Though ‘cancel culture’ may not have criticized the Berenstain Bears for their gender stereotypes, they ought to call them out them for their misconception about finances.  Because apparently, money does grow on trees.

As of now, the total cost of stimulating the COVID-stricken economy stands at $3.4 trillion, according to the Committee for a Responsible Federal Budget. This includes monies spent on PPP loans, direct stimulus checks and other government spending programs. (And that’s on top of the $2.9 trillion that the Federal Reserve spent on their own asset purchasing, including junk debt.)

Now, Congress is debating a $2 trillion infrastructure bill proposed by President Biden which includes things like roads, airports, railways, a guaranteed job program…you know, ‘infrastructure.’ (We’re not implying that these things aren’t crucial, but calling them ‘infrastructure’ is simply inaccurate.)

If you’re wondering, ‘Well who’s gonna pay for all this?’ you’re not alone. (Don’t wonder too loudly though, or you’ll be met with a ‘you don’t care about the poor!’)

Defining the financial role of the Federal Government has always been a debate among economists. But this debate has taken a backseat to a new debate, which we’re about to explore. And that is: Does national debt even matter?

What started out as a fringe belief in the minds of a few economists has started to creep into the progressive wings of our liberal lawmakers. This is known on the Street as MMT, or Modern Monetary Theory.

Economists who buy into MMT argue that a country that prints its own currency has little to worry about its debt. The crux of MMT is that national debt isn’t actually bad,  since it’s basically another way for the government to pour money into the private sector. See, when a government enacts a spending program,  it prints and circulates more money into the economy. So yes, the government is taking on debt, but it can always print more money to cover it. MMT says that the national debt deficit should be upped to the point where a country has full employment, because the deficit will be made up for by the output from the employees. (The only thing a money-printing country should worry about, argues MMT, is inflation.)

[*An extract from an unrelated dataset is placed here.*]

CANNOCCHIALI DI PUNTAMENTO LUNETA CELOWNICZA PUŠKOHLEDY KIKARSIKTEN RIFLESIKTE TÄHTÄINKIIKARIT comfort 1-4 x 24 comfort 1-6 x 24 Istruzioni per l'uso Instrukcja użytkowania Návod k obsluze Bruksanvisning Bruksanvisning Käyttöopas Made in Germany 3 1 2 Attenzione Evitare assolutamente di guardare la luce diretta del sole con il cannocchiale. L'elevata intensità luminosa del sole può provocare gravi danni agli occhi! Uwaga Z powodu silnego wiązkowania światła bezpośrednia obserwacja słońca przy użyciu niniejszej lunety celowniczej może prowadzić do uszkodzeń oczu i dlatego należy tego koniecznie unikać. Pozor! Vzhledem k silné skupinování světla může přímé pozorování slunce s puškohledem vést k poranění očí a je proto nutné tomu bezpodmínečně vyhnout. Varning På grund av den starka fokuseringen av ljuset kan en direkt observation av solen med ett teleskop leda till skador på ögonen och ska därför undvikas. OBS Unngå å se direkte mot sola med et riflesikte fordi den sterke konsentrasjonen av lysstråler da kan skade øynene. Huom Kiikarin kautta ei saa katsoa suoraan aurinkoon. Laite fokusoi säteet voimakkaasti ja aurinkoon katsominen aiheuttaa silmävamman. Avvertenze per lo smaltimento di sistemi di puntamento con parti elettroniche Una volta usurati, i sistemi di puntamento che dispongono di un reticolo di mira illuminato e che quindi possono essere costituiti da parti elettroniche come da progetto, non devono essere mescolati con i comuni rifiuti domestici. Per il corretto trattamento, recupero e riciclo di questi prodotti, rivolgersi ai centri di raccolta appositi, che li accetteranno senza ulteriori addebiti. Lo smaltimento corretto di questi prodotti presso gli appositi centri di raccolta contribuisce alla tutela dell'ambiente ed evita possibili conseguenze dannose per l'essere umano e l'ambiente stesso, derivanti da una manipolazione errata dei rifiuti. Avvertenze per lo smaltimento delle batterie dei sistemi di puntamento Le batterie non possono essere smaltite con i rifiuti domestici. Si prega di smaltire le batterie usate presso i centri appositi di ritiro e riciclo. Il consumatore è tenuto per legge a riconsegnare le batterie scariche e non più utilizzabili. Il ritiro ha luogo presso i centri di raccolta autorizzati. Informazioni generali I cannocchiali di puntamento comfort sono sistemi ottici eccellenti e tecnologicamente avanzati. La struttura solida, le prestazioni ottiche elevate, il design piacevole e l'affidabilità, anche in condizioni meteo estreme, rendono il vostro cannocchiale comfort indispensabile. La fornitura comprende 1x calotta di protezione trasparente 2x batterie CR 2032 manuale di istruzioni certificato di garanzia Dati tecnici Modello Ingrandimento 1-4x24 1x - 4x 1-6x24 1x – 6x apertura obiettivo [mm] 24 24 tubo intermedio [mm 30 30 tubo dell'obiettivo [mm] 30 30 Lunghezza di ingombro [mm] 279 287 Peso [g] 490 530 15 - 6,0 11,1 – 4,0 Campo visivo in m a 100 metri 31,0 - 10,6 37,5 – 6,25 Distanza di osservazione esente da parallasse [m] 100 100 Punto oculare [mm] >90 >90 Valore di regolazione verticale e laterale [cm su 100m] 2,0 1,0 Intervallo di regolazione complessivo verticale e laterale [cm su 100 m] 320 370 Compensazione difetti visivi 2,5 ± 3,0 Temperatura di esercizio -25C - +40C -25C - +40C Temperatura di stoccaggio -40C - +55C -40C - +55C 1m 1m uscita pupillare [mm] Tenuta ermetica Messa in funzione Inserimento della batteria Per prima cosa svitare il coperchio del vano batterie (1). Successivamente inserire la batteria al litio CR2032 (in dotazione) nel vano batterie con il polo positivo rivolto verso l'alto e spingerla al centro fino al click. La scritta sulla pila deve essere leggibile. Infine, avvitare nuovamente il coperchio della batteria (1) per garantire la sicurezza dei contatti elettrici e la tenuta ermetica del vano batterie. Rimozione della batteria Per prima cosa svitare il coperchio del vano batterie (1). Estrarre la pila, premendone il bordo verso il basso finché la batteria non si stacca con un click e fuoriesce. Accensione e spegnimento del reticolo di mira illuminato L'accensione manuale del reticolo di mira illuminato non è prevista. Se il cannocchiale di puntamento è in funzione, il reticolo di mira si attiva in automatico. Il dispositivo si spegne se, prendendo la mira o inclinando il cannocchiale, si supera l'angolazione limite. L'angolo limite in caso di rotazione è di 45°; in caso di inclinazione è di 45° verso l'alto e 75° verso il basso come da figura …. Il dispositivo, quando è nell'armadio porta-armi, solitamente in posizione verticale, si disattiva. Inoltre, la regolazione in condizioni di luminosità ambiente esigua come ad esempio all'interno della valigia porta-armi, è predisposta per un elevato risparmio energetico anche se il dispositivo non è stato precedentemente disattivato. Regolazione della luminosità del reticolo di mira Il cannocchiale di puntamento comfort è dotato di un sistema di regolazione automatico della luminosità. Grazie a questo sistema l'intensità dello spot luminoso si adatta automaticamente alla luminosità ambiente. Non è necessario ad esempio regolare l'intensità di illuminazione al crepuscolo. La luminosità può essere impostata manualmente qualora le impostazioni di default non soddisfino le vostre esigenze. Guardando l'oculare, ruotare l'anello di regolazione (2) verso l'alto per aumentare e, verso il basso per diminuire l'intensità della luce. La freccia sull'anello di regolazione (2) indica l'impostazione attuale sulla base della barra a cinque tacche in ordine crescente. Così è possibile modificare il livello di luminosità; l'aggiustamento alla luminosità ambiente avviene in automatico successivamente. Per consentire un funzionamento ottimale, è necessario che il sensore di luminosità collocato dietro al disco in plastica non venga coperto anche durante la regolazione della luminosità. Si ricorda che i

Remember the old Keynesian view on monetary policy? The one where economist John Maynard Keynes argued that in an economic downturn, the government could stimulate demand by paying people to dig holes in the ground, and paying others to fill them back up?  His point was that we should inject money into the economy from the top – through government programs – and to let the money just keep circulating downwards.

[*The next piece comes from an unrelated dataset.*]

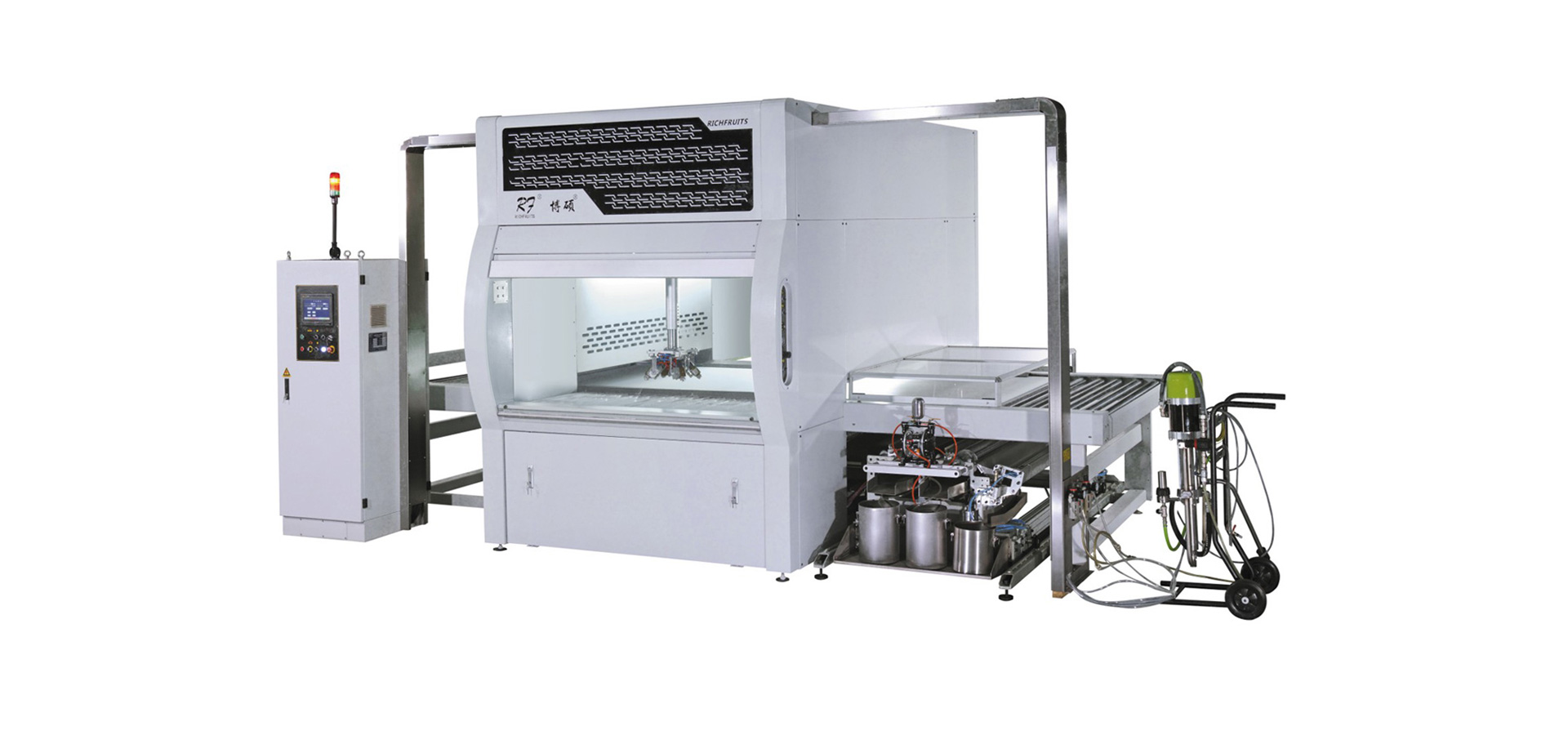 適用于實木家具、實木復(fù)合門、美式櫥柜、套房家具、衛(wèi)浴柜、展示柜、工藝品、裝飾板、硅酸鈣板、玻鎂板等板式工件的平面(側(cè)邊少量涂到),針對UV、PU、AC、NC、水性漆和氟碳漆等,進(jìn)行高質(zhì)量效果連續(xù)自動噴漆,實現(xiàn)節(jié)能、環(huán)保和減少人工,提高產(chǎn)品質(zhì)量和生產(chǎn)效率。

Well, MMT takes the Keynesian view to a whole new level.

According to MMT economists, the purpose of taxes is not to serve as federal income for the government to cover its expenses.  Rather, its purpose is to solve income inequality and limit inflation by taking money from the rich.

Is it a coincidence that the lawmakers that have embraced MMT are the ones who want to institute programs like The Green New Deal or Medicaid For All? You can’t blame the sceptics for believing that this is just a convenient way to answer the “who’s going to pay for it?” question.

Hold tight, ladies and gents. The debate about MMT is about to get settled. If sending out stimulus checks to 85% of the country and dishing out trillions on various random programs doesn’t cause the degradation of the dollar with hyper-inflation, then don’t we all need to agree that MMT wins?

Whether it’s the U.S. dollar or our traditional economy textbooks, something’s about to become worthless. We’ll just need to wait and see which one.